NRM was favorably influenced by PB and year of HSCT. Improvement of supportive therapy and high-resolution typing after 2008 might be responsible for this effect. Improvement over time (after 2006 and after 2010) has been reported earlier [9, 34].

Donor type and patient age were both important for RI. Family donors were associated with a higher incidence of relapse. Differences in minor histocompatibility antigens in unrelated HSCT leading to higher graft-versus-tumor effect may be responsible for this observation. Higher patient age may be associated with higher leukemic or non-leukemic mutations [35] and therefore might be associated with higher relapse incidence. In addition, a higher rate of reduced intensity conditioning in older patients might explain a higher RI. The high relapse incidence was caused by resistance to TKI and limited availability of further TKI generations. Optimised transcript assessment and prophylactic TKI treatment will contribute to lower RI in the future.

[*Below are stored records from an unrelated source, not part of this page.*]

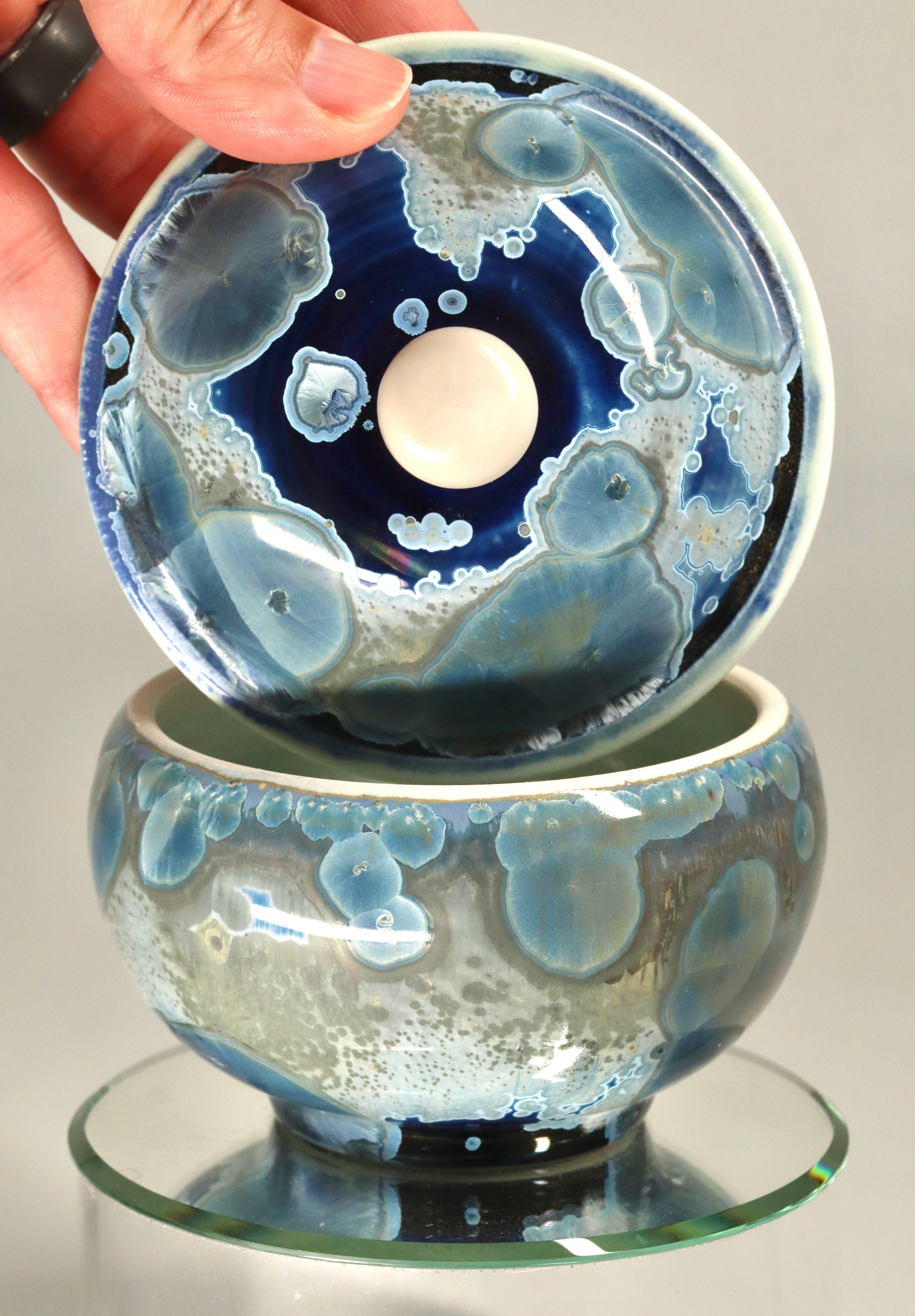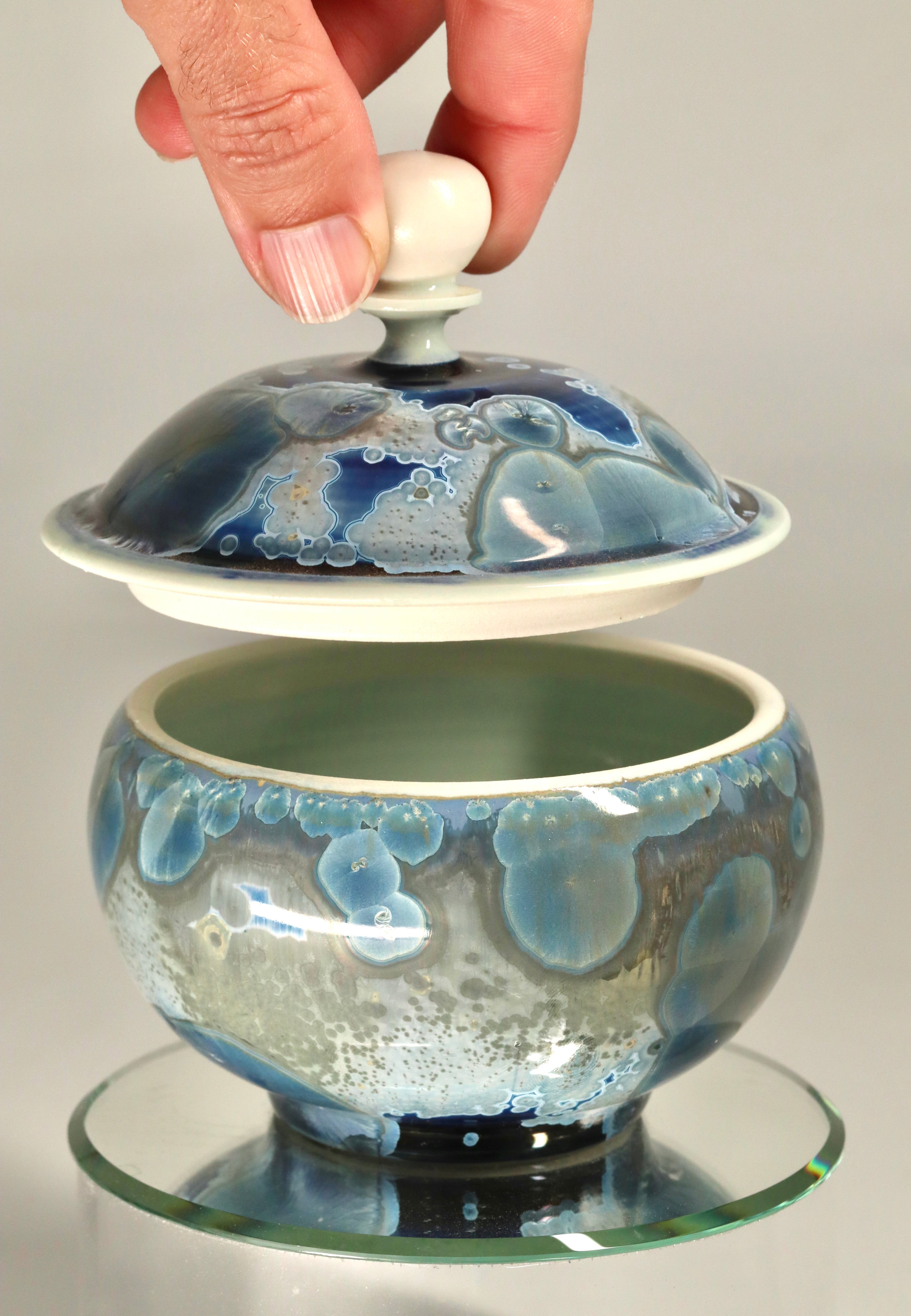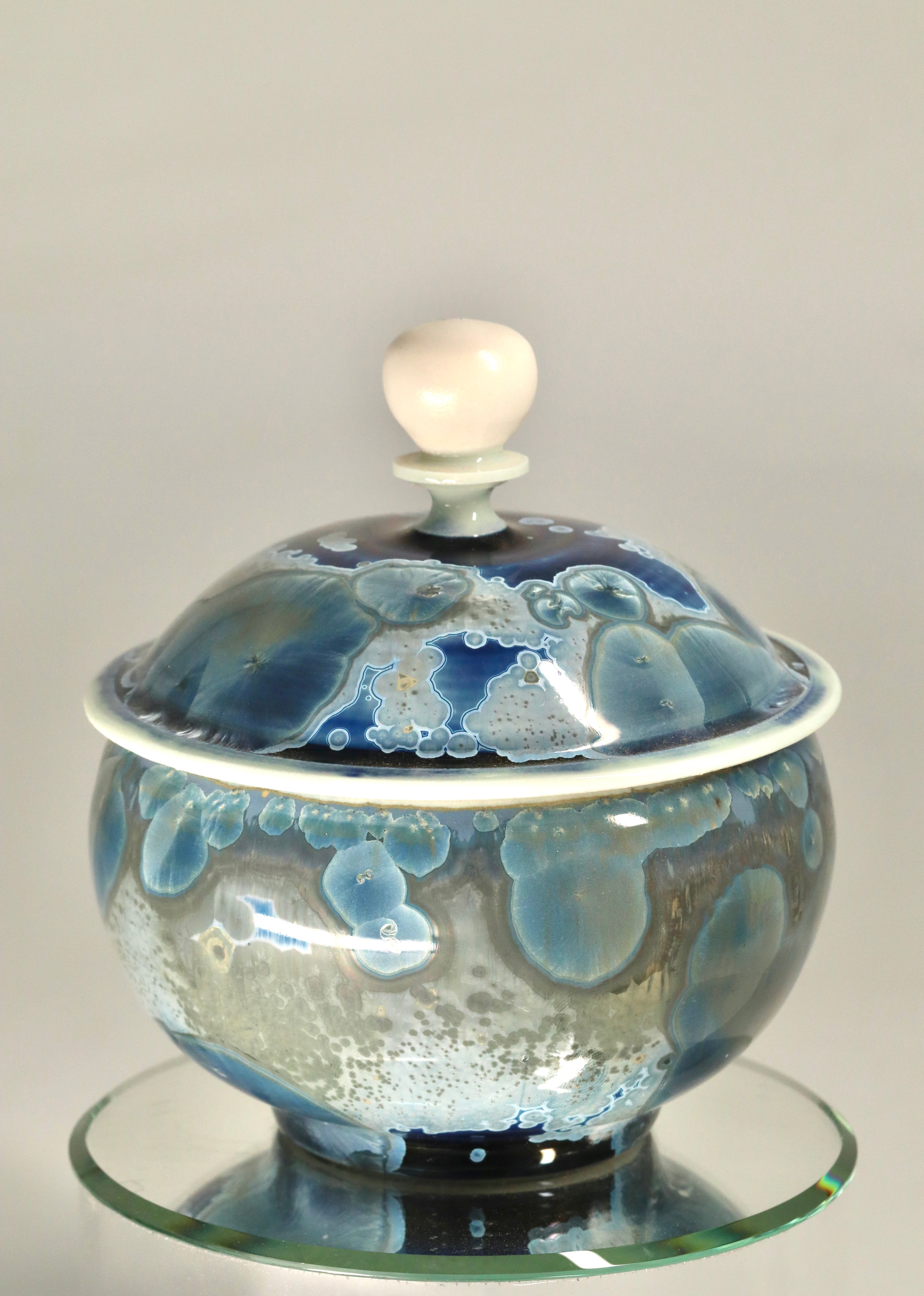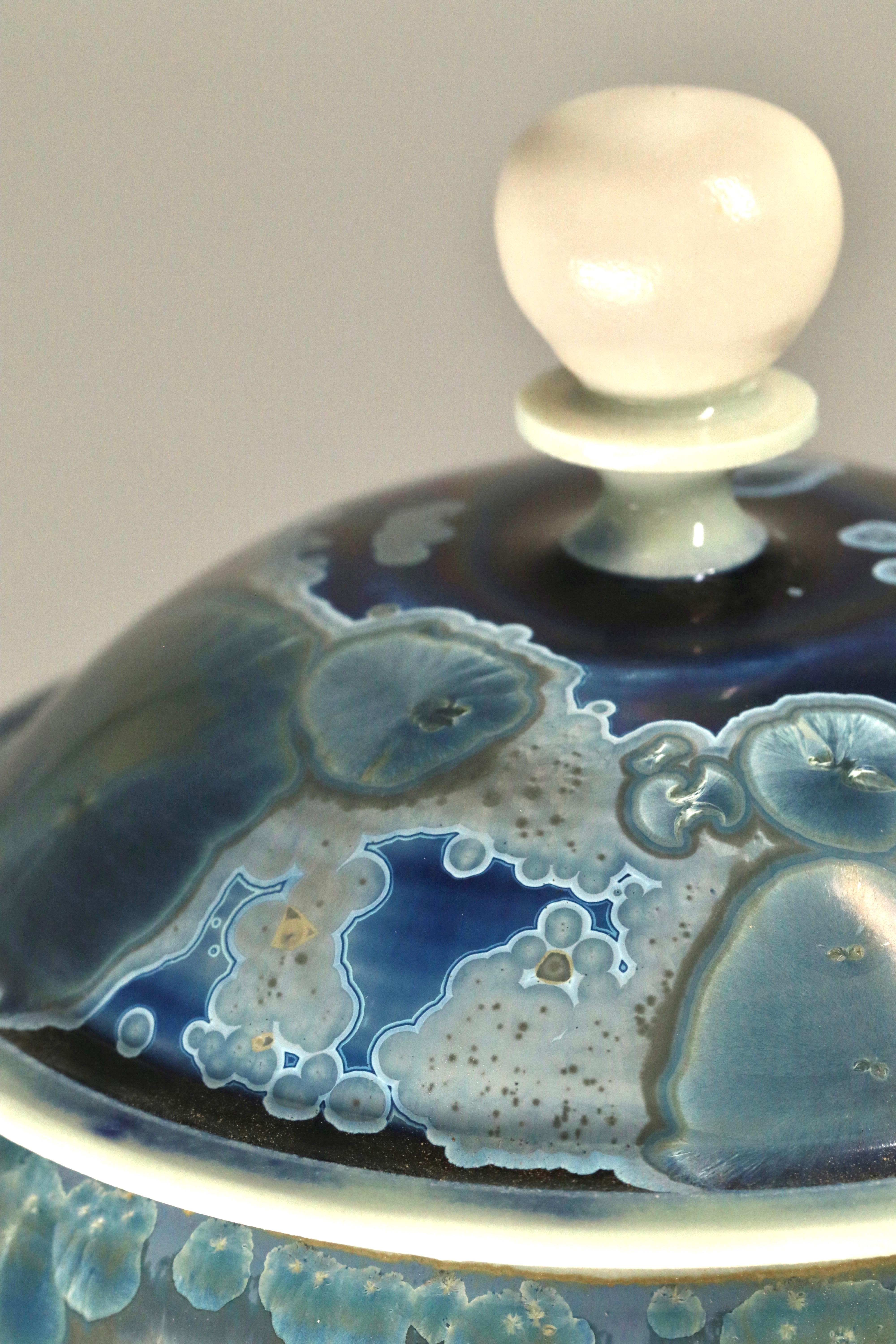 Every piece is thrown and trimmed on the wheel using Coleman porcelain. This jar was fired in an oxidation atmosphere in an electric kiln.  Crystal glazes are fired to cone 10 (2350° F) until they turn molten and begin to run down the surface of the pot.  The temperature is then cooled, stopping the glaze from running, and causing crystals to grow.
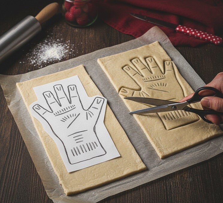 Verwarm de oven voor op 215∘C. Teken de omtrek van je hand (of gebruik een plastic handschoen) op een vel papier en knip het uit om een sjabloon te maken. Rol het bladerdeeg uit op zijn bakpapier. Leg het sjabloon op het bladerdeeg en snijd met een scherp mes twee identieke handvormige silhouetten uit. Verwijder het overtollige deeg.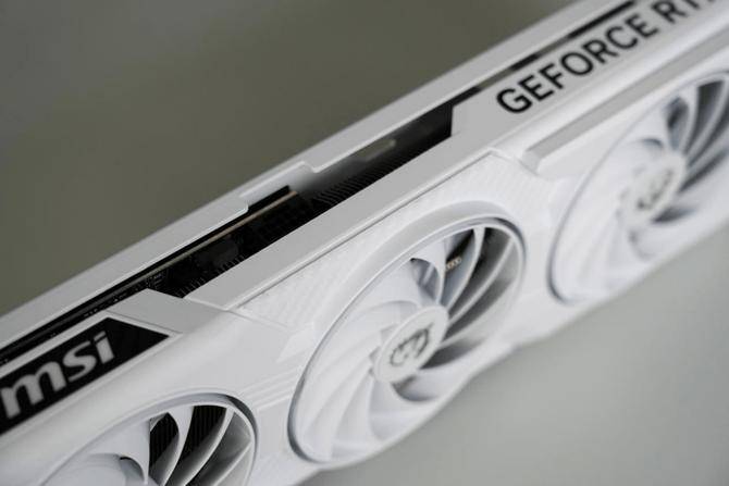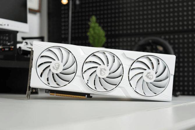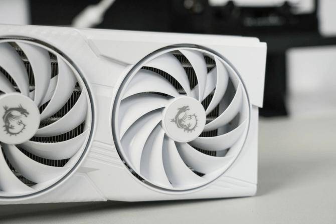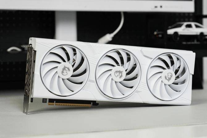 显卡的后背则纯白色的显卡背板设想,这款微星RTX 5070 白龙爵PLUS采用了三电扇设想,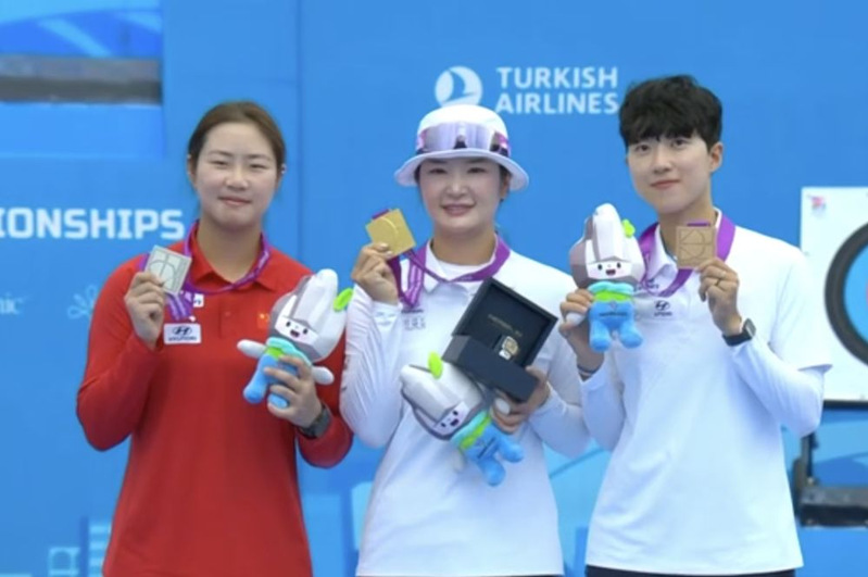 图片说明:亚军朱静怡(左)、冠军韩国选手姜彩荣和季军韩国选手安山(右)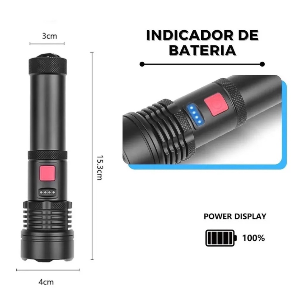 Dteam !!!!! Ferramenta indispensável para trilhas, escaladas, caminhadas, sobrevivência, pescaria, montanhismo, patrulha, policias, bombeiros, entre muitas outras atividades. Possui alto poder de brilho com menor consumo da bateria, que pode ser recarregada inúmeras vezes com o cabo USB incluso no kit que a acompanha ou em qualquer carregador de celular. A Lanterna Tática Militar LED P90 é composta por um dos Leds mais avançados do mundo, o Led T9 impressiona pelo alto poder de iluminação. É com certeza a lanterna mais forte da atualidade, você irá se impressionar. Ela também é perfeita para situações de emergência, defesa pessoal e atividades ao ar livre. BATERIA RECARREGAVEL VIA USB QUALIDADES DO PRODUTO: - LED: Utiliza LED XML T9 O MAIS FORTE DA ATUALIDADE - INDICADOR DE CARGA DA BATERIA: 4 LEDs que indicam o nível da bateria. - 5 MODOS DE FUNCIONAMENTO: - ZOOM: Novo Sistema de Foco regulável - 1 a 2000x vezes - LUZ: Utiliza LED T9 de quatro janelas super potente, com vida útil até 100.000 horas de uso. CARACTERÍSTICAS: - POTENCIA: Acima de 1800000W / 5400000 lumens SUPER FORTE - MATERIAL: Alta resistência em liga de alumínio, super resistente não se deforma. - ALIMENTAÇÃO: Bateria recarregável via USB COMO USAR: 1 - Carregar a bateria por no mínimo 12h (pode usar um carregador de celular ou somente com o cabo USB em qualquer porta USB) 2 - Pressionar o botão no meio da lanterna para ligar 3 - Pressionar o botão novamente vai alterar os modos de iluminação até que a lanterna desligue 4 - Nunca deixar a bateria esgotar totalmente, sempre carregar por 12h quando estiver indicando pouca bateria. Deixar esgotar pode perder a capacidade de carga e a garantia não irá cobrir. Sempre guardar a lanterna com a bateria carregada para preservar a sua capacidade de carga. CONTEÚDO DA EMBALAGEM: - MODELO 1: - 01 Lanterna Tática - 01 Cordão de punho - 01 Cabo USB para carregar a bateria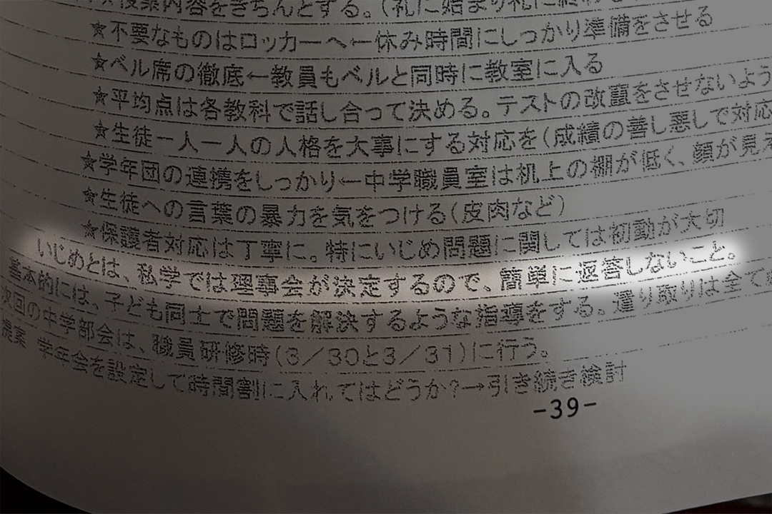 実は、海星学園では、安易にいじめを認めないよう教職員らに共有されていた。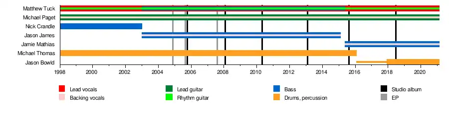 - Matthew "Matt" Tuck – lead vocals, rhythm guitar (1998–present); bass (2003–2015)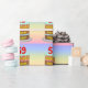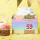 este divertido y alegre diseño de papel de envoltura temática de cumpleaños incluye una representación al estilo personalizado de una torta de cumpleaños de tres niveles con velas en forma de numeral en la parte superior que muestran el número "59", junto con el mensaje "FELIZ 59º CUMPLEAÑOS", y un nombre de destinatario personalizado. El fondo tiene un patrón multicolor de gradiente inspirado en el espectro arcoiris pastel. El papel de envolver como este se puede usar cuando se da un regalo o regalo en honor al cumpleaños 59 de alguien. [~Z0000622]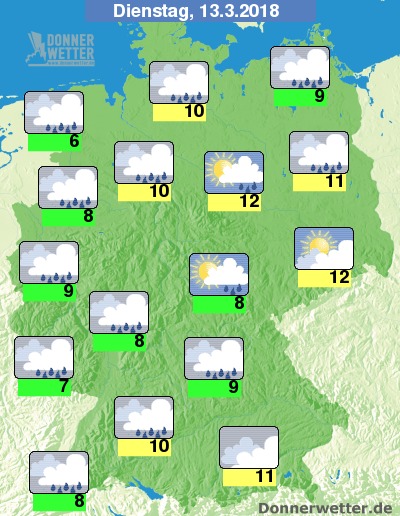 Im Osten gibt es zunächst größere Aufheiterungen. Sonst dominieren aber die Wolken und zeitweise fällt Regen, oder es treten Schauer auf. Im Zustrom kälterer Luft kann es gegen Abend im Bergland auch schneien. Die Höchsttemperaturen erreichen in Sachsen-Anhalt und Brandenburg mit sonniger Unterstützung nochmals milde 11 bis 14 Grad, sonst gehen sie auf 5 bis 10 Grad zurück. Der Wind frischt zeitweise böig auf und dreht im Tagesverlauf von Südwest auf West bis Nordwest. In der Nacht auf Mittwoch klart der Himmel im Westen gebietsweise auf und es kann stellenweise zu leichtem Frost kommen.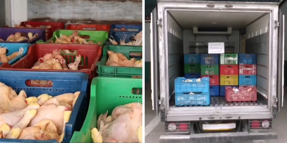 Lors de l’inspection du véhicule, les gendarmes ont découvert plusieurs caisses en plastique contenant du poulet abattu, toujours avec ses viscères, entreposées dans le coffre de la camionnette.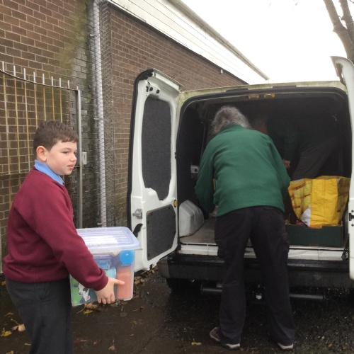 Helping load the van heading to the depot.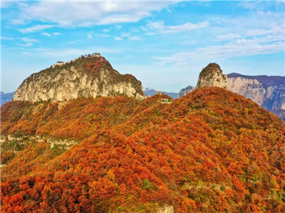 此時,美麗的初冬美景已經全新上線,新鄉(xiāng)南太行已經徹底美成了一幅畫,放眼望去,秋林盡染,紅葉爛漫,在層疊的山巒中盡情綻放,陶醉了萬里山河,更陶醉了蕓蕓眾生。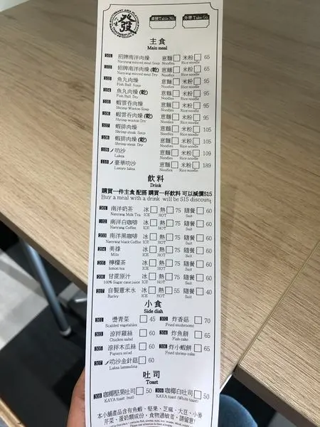 飲料的話搭配主餐可以減價15元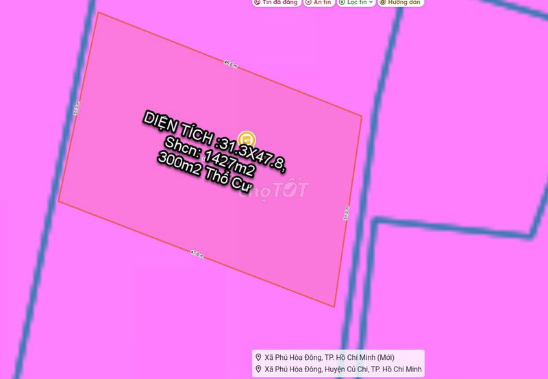 Bất động sản khu vực Phú Hòa Đông, huyện Củ Chi, Tp Hồ Chí Minh, với diện tích 1.427 m², trong đó có 300 m² thổ cư, có giá chào bán 7,135 tỷ đồng (tương đương 5 triệu đồng/m²). So với mức giá tham khảo xung quanh từ 8 triệu/m² trở lên, mức giá 5 triệu/m² là mức giá rất hấp dẫn và có thể coi là hợp lý trong trường hợp cần bán nhanh hoặc đất có một số hạn chế về pháp lý hoặc vị trí cụ thể.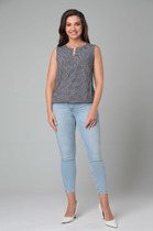 Укороченная рубашка из хлопка прямого кроя со спущенной линией плеча. Горловина обработана рубашечным воротником с отрезной стойкой. Застёжка центральная на кнопки. Есть нагрудные карманы и в боковых швах. Низ рукава обработан притачной манжетой, застёгивается на кнопки. Изделие без подкладки.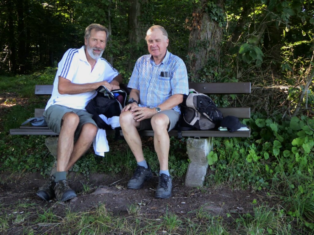 Wieder zurück zur Verzweigung, folgen wir noch 300 m dem blauen Punkt, biegen dann links ab und nehmen die Markierung „GFW“ und roter Strich auf. Dies ist der Georg- Fahrbach- Weg, seine Zeichen werden uns bis kurz vor dem Ziel begleiten. Wenig später treffen wir auf eine Straße, gehen auf ihr 20 m nach links und schwenken dann schwach rechts in einen unscheinbaren Pfad (Achtung: leicht zu übersehen!). Beim Waldrand geht es etwas rechts versetzt weiter durch ein Feld, dann wieder zur Straße, die wir rechts versetzt queren, dann nochmals über eine Straße und auf aussichtsreichem Höhenweg durch die Höhensiedlung Königsbronnhof. Bald queren wir eine weiter Straße und wandern auf schönem Waldpfad zum Naturschutzgebiet Sommerrain.

This analysis has beside several strengths (high number of patients including elderly; high number of comorbidities, bi-center study, and long term follow-up) but also limitations considering the retrospective nature of the evaluation and the inclusion of a considerable proportion of patients prior to the TKI era. In addition, we could not evaluate our results considering the EBMT CML score, which has been shown to influence survival predominantly in BM transplanted patients and before the TKI era [36]. The Haematopoietic HCT CI score (available only after 2005) could also not be considered [37].

In conclusion, this analysis of advanced phase CML supports the use of younger donors, the highest CD34+ cell dose (highest cell dose in our cohort 19 × 106/kg bw) and the need to enter a non-BC phase before HSCT. In comparison to earlier publications, results in BC have improved considerably and may be further optimized by decreasing the current RI of 45% using more frequently maintenance TKI and/or MRD-tailored DLI.